Entries taken from a collection
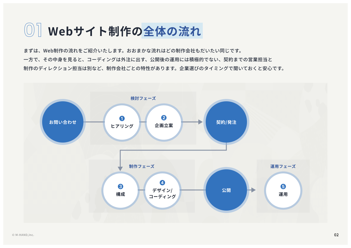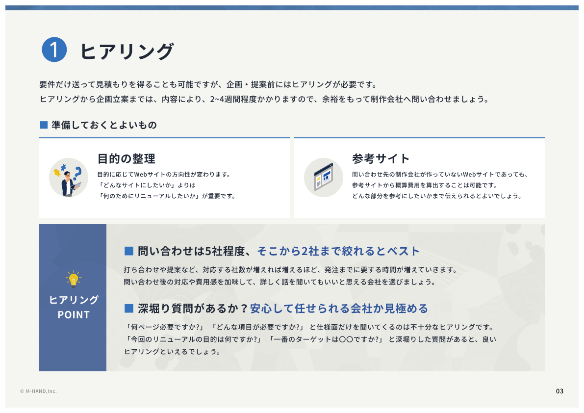Previous Nextこの資料で得られるものお問い合わせから制作後の運用までの流れ制作会社に確認しておくべきポイント発注者側でしておくべき準備本資料では、Web制作会社を選ぶ際、実際に依頼する際に気を付けたいポイントを、制作の流れとQCDSに沿ってご紹介します。初めてのWebサイト制作依頼の手助けになれば幸いです。※競合企業様や詐称されたアカウントからのご請求の場合はお断りさせていただく場合がございます。会社名必須ご担当者名必須メールアドレス必須検討時期の目安検討時期の目安ホームページの制作・リニューアルを検討中ホームページ制作会社を選定中情報収集段階決まった依頼先があるその他プライバシーポリシーに同意するプライバシーポリシー外部サイトにリンクしますはこちら送信する
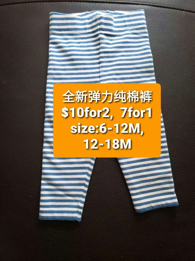 These baby pants are brand new and feature a cute blue and white striped design! They fit babies from 6-12 months and 12-18 months, so they're perfect for growing little ones $10for 2
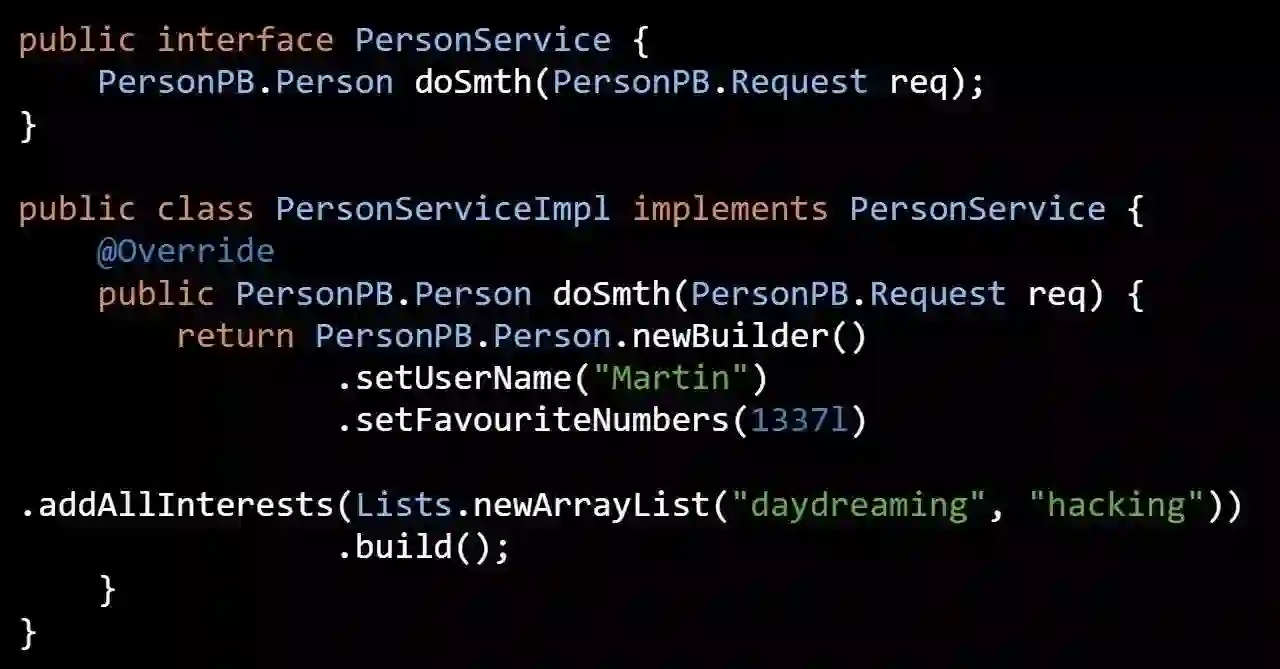 server 端需要开发请求响应接口,API 是 PersonPB.Person doSmth(PersonPB.Request req),实现如下,包含一个 Interface 和一个实现 class。
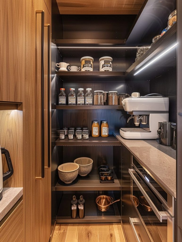 Creating a beverage station in your walk-in pantry is both practical and refreshing. Dedicate a section for coffee, tea, and other drinks, complete with a spot for a coffee maker, mugs, and beverage supplies. Add display boards or shelving for easy access and organization.
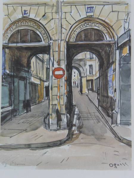 - 【荻須 高徳/0guiss】 『フォーブール・サン・ドニ』 素描、版上サイン入り、希少、新品額装付72、落札代金のみ、ara
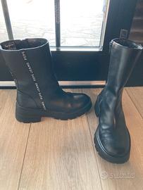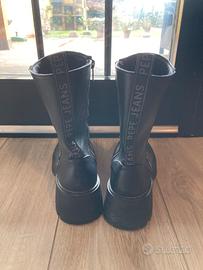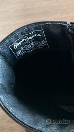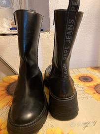 Stivaletti Pepe Jeans neri n. 39 indossati due volte Altezza tacco 6 cm plateau 3 cm, altezza gambale 20 cm, suola carrarmato in gomma antiscivolo . Interno pelle e tessuto,
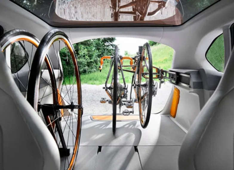 Два велосипеда с демонтированными передними колесами выдвигаются из грузового отделения по специальным рельсам. В случае же отсутствия необходимости брать двухколесный транспорт с собой в дорогу, держатели убираются в стенки багажника, не мешая перевозке других грузов.
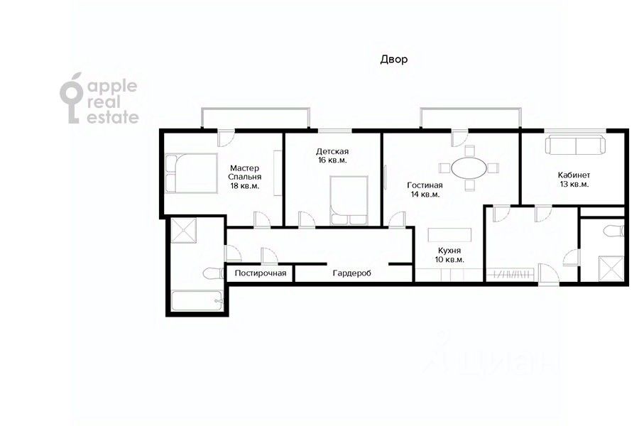 Планировка: кухня-гостиная, 2 спальни, кабинет, гардеробная и постирочная комната, 2 с/у. Общая площадь: 104 кв.м. Потолки 3 м. Ремонт в современном и минималистичном стиле. Квартира со всей необходимой мебелью и бытовой техникой Kuppersbusch, Schulthess Maschinen AG. Гардеробная система премиум-класса Molteni&C.

■ What needs to be done
Beginning with the line that holds "Creating a beverage" and continuing to the end of the entries above, set down each line exactly, both ends included; include no pictures.

■ Answer box
 Creating a beverage station in your walk-in pantry is both practical and refreshing. Dedicate a section for coffee, tea, and other drinks, complete with a spot for a coffee maker, mugs, and beverage supplies. Add display boards or shelving for easy access and organization.
 - 【荻須 高徳/0guiss】 『フォーブール・サン・ドニ』 素描、版上サイン入り、希少、新品額装付72、落札代金のみ、ara
 Stivaletti Pepe Jeans neri n. 39 indossati due volte Altezza tacco 6 cm plateau 3 cm, altezza gambale 20 cm, suola carrarmato in gomma antiscivolo . Interno pelle e tessuto,
 Два велосипеда с демонтированными передними колесами выдвигаются из грузового отделения по специальным рельсам. В случае же отсутствия необходимости брать двухколесный транспорт с собой в дорогу, держатели убираются в стенки багажника, не мешая перевозке других грузов.
 Планировка: кухня-гостиная, 2 спальни, кабинет, гардеробная и постирочная комната, 2 с/у. Общая площадь: 104 кв.м. Потолки 3 м. Ремонт в современном и минималистичном стиле. Квартира со всей необходимой мебелью и бытовой техникой Kuppersbusch, Schulthess Maschinen AG. Гардеробная система премиум-класса Molteni&C.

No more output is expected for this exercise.